## Exercise directions
The reply should contain every line of the data, repeated exactly, and no pictures.

## Provided material
——————————

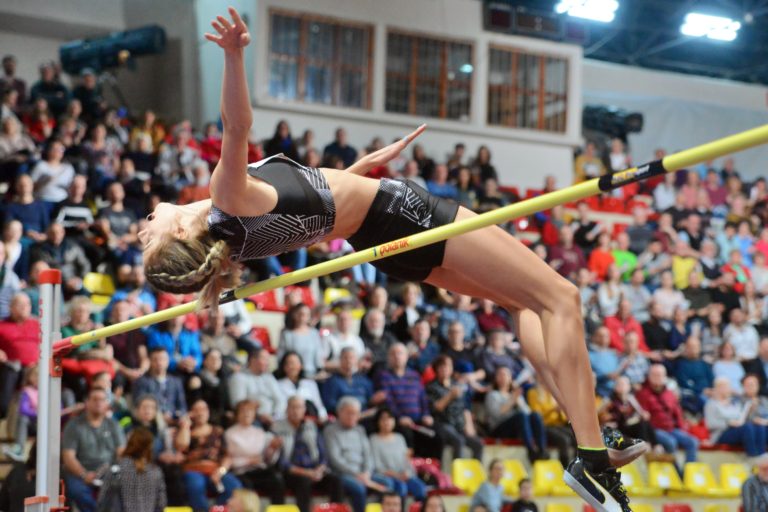 Ukrajinská výškarka Iryna Herashchenková počas 26. ročníka halového mítingu v skoku do výšky s názvom Banskobystrická latka (BBL) 2020. Banská Bystrica, 11. február 2020. Foto: SITA/Jakub Julény
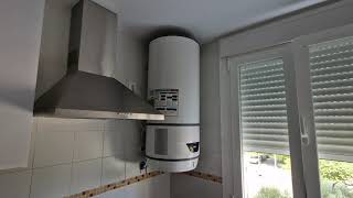 Инновационный энергоэффективный итальянский электрический накопительный водонагреватель объемом 80 л, цифровой системой управления, качественной пенополиуретановой теплоизоляцией и встроенным тепловым насосом, существенно снижающим удельные затраты электроэнергии на подогрев. В нижней части корпуса аппарата расположен вентилятор и компрессор с испарителем. Над ними находится внутренний стальной бак, со встроенным спиральным теплообменником – «змеевиком» конденсатора.
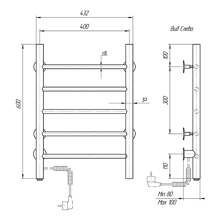 Полотенцесушитель электрический Domoterm Классик 109-5 40х60 см ЧРН EK L, левый

——————————

## Answer section
 Ukrajinská výškarka Iryna Herashchenková počas 26. ročníka halového mítingu v skoku do výšky s názvom Banskobystrická latka (BBL) 2020. Banská Bystrica, 11. február 2020. Foto: SITA/Jakub Julény
 Инновационный энергоэффективный итальянский электрический накопительный водонагреватель объемом 80 л, цифровой системой управления, качественной пенополиуретановой теплоизоляцией и встроенным тепловым насосом, существенно снижающим удельные затраты электроэнергии на подогрев. В нижней части корпуса аппарата расположен вентилятор и компрессор с испарителем. Над ними находится внутренний стальной бак, со встроенным спиральным теплообменником – «змеевиком» конденсатора.
 Полотенцесушитель электрический Domoterm Классик 109-5 40х60 см ЧРН EK L, левый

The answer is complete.